-- How to complete this task --
Reproduce exactly the lines of this material that begin at the line with "Biden ka shpërndarë" and end at the line with "Mit drei Funkeinheiten, die", both included. Omit the pictures and everything else.

START Supplied records

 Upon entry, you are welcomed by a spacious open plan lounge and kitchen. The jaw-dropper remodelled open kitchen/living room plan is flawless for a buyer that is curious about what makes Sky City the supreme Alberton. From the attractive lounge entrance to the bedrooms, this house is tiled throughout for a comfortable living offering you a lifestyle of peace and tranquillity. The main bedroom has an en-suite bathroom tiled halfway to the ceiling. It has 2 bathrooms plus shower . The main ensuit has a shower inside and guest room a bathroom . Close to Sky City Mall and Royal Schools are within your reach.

END Supplied records
START Supplied records

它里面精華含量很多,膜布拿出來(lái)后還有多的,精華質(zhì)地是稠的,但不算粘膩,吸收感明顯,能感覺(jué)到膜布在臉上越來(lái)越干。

END Supplied records
START Supplied records

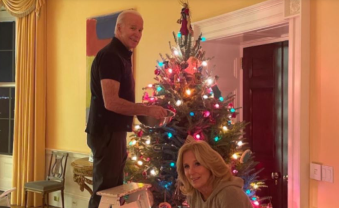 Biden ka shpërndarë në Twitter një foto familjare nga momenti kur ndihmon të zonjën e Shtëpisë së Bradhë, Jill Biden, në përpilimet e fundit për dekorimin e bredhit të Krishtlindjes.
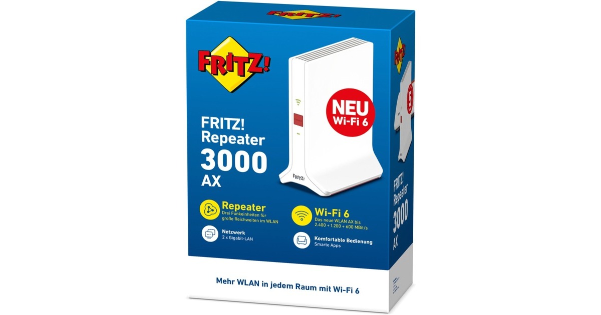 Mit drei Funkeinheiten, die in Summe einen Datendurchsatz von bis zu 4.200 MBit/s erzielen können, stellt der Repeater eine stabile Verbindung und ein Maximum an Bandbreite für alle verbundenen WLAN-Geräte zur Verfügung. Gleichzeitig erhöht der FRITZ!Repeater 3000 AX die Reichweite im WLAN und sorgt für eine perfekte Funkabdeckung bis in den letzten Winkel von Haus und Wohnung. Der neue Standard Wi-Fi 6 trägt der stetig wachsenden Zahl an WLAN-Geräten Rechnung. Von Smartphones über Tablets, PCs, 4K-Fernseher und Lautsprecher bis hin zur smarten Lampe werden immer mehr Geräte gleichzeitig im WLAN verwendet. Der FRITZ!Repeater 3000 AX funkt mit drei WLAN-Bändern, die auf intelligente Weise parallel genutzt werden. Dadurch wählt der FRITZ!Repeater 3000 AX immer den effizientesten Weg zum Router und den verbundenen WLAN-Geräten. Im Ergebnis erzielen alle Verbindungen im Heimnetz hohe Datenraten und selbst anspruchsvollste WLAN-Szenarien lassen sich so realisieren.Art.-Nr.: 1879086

END Supplied records

-- Answer to this problem --
 Biden ka shpërndarë në Twitter një foto familjare nga momenti kur ndihmon të zonjën e Shtëpisë së Bradhë, Jill Biden, në përpilimet e fundit për dekorimin e bredhit të Krishtlindjes.
 Mit drei Funkeinheiten, die in Summe einen Datendurchsatz von bis zu 4.200 MBit/s erzielen können, stellt der Repeater eine stabile Verbindung und ein Maximum an Bandbreite für alle verbundenen WLAN-Geräte zur Verfügung. Gleichzeitig erhöht der FRITZ!Repeater 3000 AX die Reichweite im WLAN und sorgt für eine perfekte Funkabdeckung bis in den letzten Winkel von Haus und Wohnung. Der neue Standard Wi-Fi 6 trägt der stetig wachsenden Zahl an WLAN-Geräten Rechnung. Von Smartphones über Tablets, PCs, 4K-Fernseher und Lautsprecher bis hin zur smarten Lampe werden immer mehr Geräte gleichzeitig im WLAN verwendet. Der FRITZ!Repeater 3000 AX funkt mit drei WLAN-Bändern, die auf intelligente Weise parallel genutzt werden. Dadurch wählt der FRITZ!Repeater 3000 AX immer den effizientesten Weg zum Router und den verbundenen WLAN-Geräten. Im Ergebnis erzielen alle Verbindungen im Heimnetz hohe Datenraten und selbst anspruchsvollste WLAN-Szenarien lassen sich so realisieren.Art.-Nr.: 1879086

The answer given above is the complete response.